That will shrink the length by half with proportional fonts, including in a browser address bar.

My best candidate set of 256 "thin" glyphs so far:

᠊།ᑊʲ་༌ᵎᵢᶤᶩᶪᶦᶧˡ ⁄∕เ'Ꞌꞌ꡶ᶥᵗᶵᶨ|¦ǀᴵ  ᐧᶠᶡ༴ˢᶳ⁏ᶴʳʴʵ։᛬⍮ʹ′ ⁚⁝ᵣ⍘༔⍿ᠵᥣᵋᵌᶟᴶǂˀˁˤ༑,.   ∙Ɩ៲᠙ᵉᵊᵓᶜᶝₑₔյⵏⵑ༝༎՛ᵞᵧᚽᛁᛂᛌᛍᛙᛧᶢᶾ৷⍳ɩΐίιϊᵼἰἱἲἳἴἵἶἷὶίῐῑῒΐῖῗ⎰⎱᠆ᶿ՝ᵟᶫᵃᵄᶻᶼₐ∫ª౹᠔/:;\ijltìíîïĩīĭįıĵĺļłţŧſƚƫƭǐǰȉȋțȴȷɉɨɪɫɬɭʇʈʝːˑ˸;·ϳіїјӏ᠇ᴉᵵᵻᶅᶖḭḯḷḹḻḽṫṭṯṱẗẛỉị⁞⎺⎻⎼⎽ⱡⱦ꞉༈ǁ‖༅༚ᵑᵝᵡᵦᵪา᠑⫶ᶞᚁᚆᚋᚐᚕᵒᵔᵕᶱₒⵗˣₓᶹๅʶˠ᛫ᵛᵥᶺᴊ

Conclusion

This implementation should be ported to JavaScript to allow client-server exchange.
You should also provide a way to share the structure and Huffman codes with the clients.

It is not difficult and rather fun to do, but that means even more work :).

The Huffman gain in term of characters is around 30%.

Of course these characters are multibyte for the most part, but if you aim for the shortest URI it does not matter.
Except for the booleans that can easily be packed to 1 bit, those pesky strings seem rather reluctant to be compressed.
It might be possible to better tune the frequencies, but I doubt you will get above 50% compression rate.

On the other hand, picking thin glyphs does actually more to shrink the string.

So all in all the combination of both might indeed achieve something, though it's a lot of work for a modest result.

Solution 2

Just as you yourself propose, I would first get rid of all the characters that are not carrying any information, because they are part of the "format".

E.g. turn "labels=open,ssl,cypher&repository=275643&username=ryanbrg&milestones=&with_comment=yes" to "open,ssl,cyper|275643|ryanbrg||yes".

Then use a Huffmann encoding with a fixed probability vector (resulting in a fixed mapping from characters to variable length bitstrings - with the most probable characters mapped to shorter bitstrings and less probable characters mapped to longer bitstrings).
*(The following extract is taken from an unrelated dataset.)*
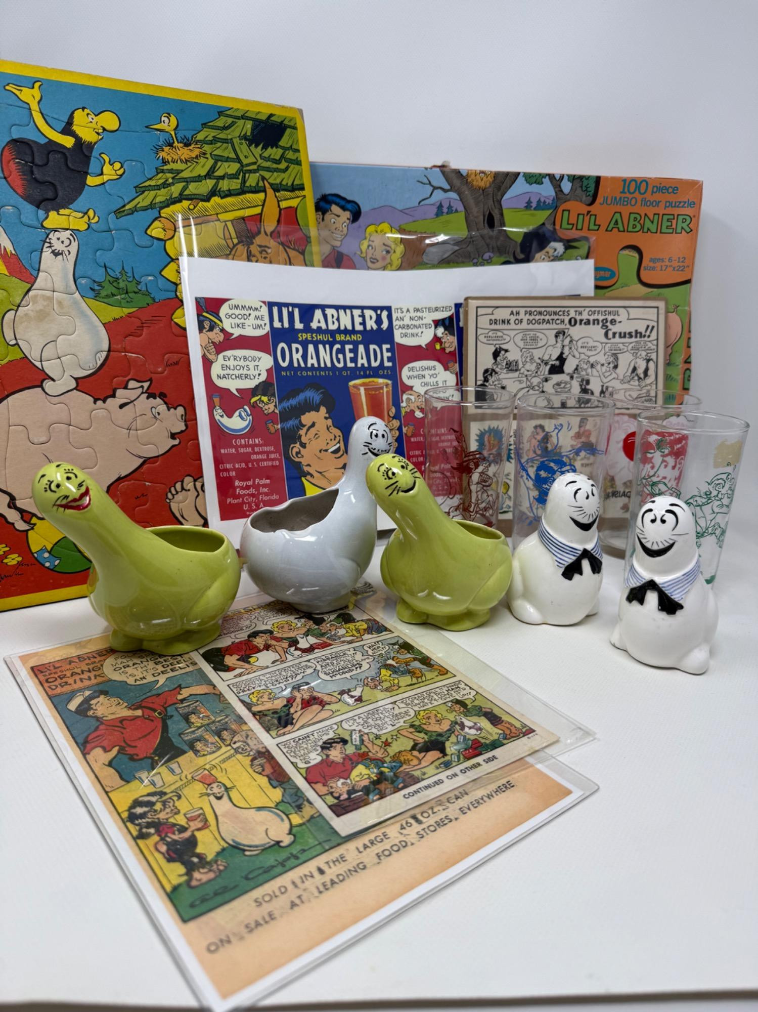 Shmoo and Lil Abner Vintage Collection-Rare Contest Tearaway 4 cartoon tumblers, advertisements, puzzle, S/P shakers, ashtray and more

You could even use different probability vectors for the different parameters. For example in the parameter "labels" the alpha characters will have high probability, but in the "repository" parameter the numeric characters will have the highest probability. If you do this, you should consider the separator "|" a part of the preceeding parameter.

And finally turn the long bitstring (which is the concatenation all the bitstrings to which the characters were mapped) into something you can put into an URL by base64url encoding it.

If you could send me a set of representative parameter lists, I could run them through a Huffmann coder to see how well they compress.

The probability vector (or equivalently the mapping from characters to bitstrings) should be encoded as constant arrays into the Javascript function that is sent to the browser.

Of course you could go even further and - for example - try to get a list of possible lables with their probabilities. Then you could map entire lables to bitstrings with a Huffmann encoding. This will give you better compression, but you will have extra work for those labels that are new (e.g. falling back to the single character encoding), and of course the mapping (which - as mentioned above - is a constant array in the Javascript function) will be much larger.

Solution 3

Why not using protocol-buffers?

Protocol buffers are a flexible, efficient, automated mechanism for serializing structured data – think XML, but smaller, faster, and simpler. You define how you want your data to be structured once, then you can use special generated source code to easily write and read your structured data to and from a variety of data streams and using a variety of languages. You can even update your data structure without breaking deployed programs that are compiled against the "old" format.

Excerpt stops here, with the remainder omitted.